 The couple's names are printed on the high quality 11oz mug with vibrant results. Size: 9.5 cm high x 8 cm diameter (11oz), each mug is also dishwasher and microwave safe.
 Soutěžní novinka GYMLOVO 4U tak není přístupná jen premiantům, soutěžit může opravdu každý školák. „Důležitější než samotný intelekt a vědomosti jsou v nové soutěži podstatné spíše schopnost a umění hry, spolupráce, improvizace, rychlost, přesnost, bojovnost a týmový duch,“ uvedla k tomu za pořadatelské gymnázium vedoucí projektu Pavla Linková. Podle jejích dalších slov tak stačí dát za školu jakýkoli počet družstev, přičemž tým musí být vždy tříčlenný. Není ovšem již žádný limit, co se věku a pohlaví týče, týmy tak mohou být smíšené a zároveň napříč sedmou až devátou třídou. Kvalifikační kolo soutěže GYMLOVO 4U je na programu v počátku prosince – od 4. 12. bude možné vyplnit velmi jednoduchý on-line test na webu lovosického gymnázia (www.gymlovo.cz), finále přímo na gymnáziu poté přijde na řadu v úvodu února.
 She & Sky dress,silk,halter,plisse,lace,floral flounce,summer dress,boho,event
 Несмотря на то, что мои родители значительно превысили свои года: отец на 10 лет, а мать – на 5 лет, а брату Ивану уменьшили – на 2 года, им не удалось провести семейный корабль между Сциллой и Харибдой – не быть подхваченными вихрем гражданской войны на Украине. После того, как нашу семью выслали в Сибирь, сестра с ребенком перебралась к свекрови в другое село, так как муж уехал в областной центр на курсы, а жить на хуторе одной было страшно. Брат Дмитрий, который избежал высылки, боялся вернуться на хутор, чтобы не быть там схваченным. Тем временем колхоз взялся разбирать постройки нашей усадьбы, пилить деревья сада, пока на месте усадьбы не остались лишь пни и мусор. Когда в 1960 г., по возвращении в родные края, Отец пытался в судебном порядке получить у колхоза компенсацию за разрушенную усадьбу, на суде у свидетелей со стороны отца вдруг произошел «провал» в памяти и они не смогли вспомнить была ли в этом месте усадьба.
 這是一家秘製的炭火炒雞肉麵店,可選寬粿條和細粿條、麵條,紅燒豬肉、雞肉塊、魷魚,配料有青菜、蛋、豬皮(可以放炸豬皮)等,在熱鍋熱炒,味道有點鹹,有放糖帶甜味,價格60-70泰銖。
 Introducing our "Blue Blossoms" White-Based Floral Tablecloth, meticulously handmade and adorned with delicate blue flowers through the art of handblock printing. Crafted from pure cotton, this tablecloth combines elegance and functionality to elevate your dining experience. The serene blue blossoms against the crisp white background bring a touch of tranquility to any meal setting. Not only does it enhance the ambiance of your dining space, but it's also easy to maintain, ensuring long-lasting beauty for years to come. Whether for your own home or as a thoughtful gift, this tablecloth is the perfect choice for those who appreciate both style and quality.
____________________
REQUIRED ACTION:
All entries above are to be transcribed verbatim.

SOLUTION BELOW:
 The couple's names are printed on the high quality 11oz mug with vibrant results. Size: 9.5 cm high x 8 cm diameter (11oz), each mug is also dishwasher and microwave safe.
 Soutěžní novinka GYMLOVO 4U tak není přístupná jen premiantům, soutěžit může opravdu každý školák. „Důležitější než samotný intelekt a vědomosti jsou v nové soutěži podstatné spíše schopnost a umění hry, spolupráce, improvizace, rychlost, přesnost, bojovnost a týmový duch,“ uvedla k tomu za pořadatelské gymnázium vedoucí projektu Pavla Linková. Podle jejích dalších slov tak stačí dát za školu jakýkoli počet družstev, přičemž tým musí být vždy tříčlenný. Není ovšem již žádný limit, co se věku a pohlaví týče, týmy tak mohou být smíšené a zároveň napříč sedmou až devátou třídou. Kvalifikační kolo soutěže GYMLOVO 4U je na programu v počátku prosince – od 4. 12. bude možné vyplnit velmi jednoduchý on-line test na webu lovosického gymnázia (www.gymlovo.cz), finále přímo na gymnáziu poté přijde na řadu v úvodu února.
 She & Sky dress,silk,halter,plisse,lace,floral flounce,summer dress,boho,event
 Несмотря на то, что мои родители значительно превысили свои года: отец на 10 лет, а мать – на 5 лет, а брату Ивану уменьшили – на 2 года, им не удалось провести семейный корабль между Сциллой и Харибдой – не быть подхваченными вихрем гражданской войны на Украине. После того, как нашу семью выслали в Сибирь, сестра с ребенком перебралась к свекрови в другое село, так как муж уехал в областной центр на курсы, а жить на хуторе одной было страшно. Брат Дмитрий, который избежал высылки, боялся вернуться на хутор, чтобы не быть там схваченным. Тем временем колхоз взялся разбирать постройки нашей усадьбы, пилить деревья сада, пока на месте усадьбы не остались лишь пни и мусор. Когда в 1960 г., по возвращении в родные края, Отец пытался в судебном порядке получить у колхоза компенсацию за разрушенную усадьбу, на суде у свидетелей со стороны отца вдруг произошел «провал» в памяти и они не смогли вспомнить была ли в этом месте усадьба.
 這是一家秘製的炭火炒雞肉麵店,可選寬粿條和細粿條、麵條,紅燒豬肉、雞肉塊、魷魚,配料有青菜、蛋、豬皮(可以放炸豬皮)等,在熱鍋熱炒,味道有點鹹,有放糖帶甜味,價格60-70泰銖。
 Introducing our "Blue Blossoms" White-Based Floral Tablecloth, meticulously handmade and adorned with delicate blue flowers through the art of handblock printing. Crafted from pure cotton, this tablecloth combines elegance and functionality to elevate your dining experience. The serene blue blossoms against the crisp white background bring a touch of tranquility to any meal setting. Not only does it enhance the ambiance of your dining space, but it's also easy to maintain, ensuring long-lasting beauty for years to come. Whether for your own home or as a thoughtful gift, this tablecloth is the perfect choice for those who appreciate both style and quality.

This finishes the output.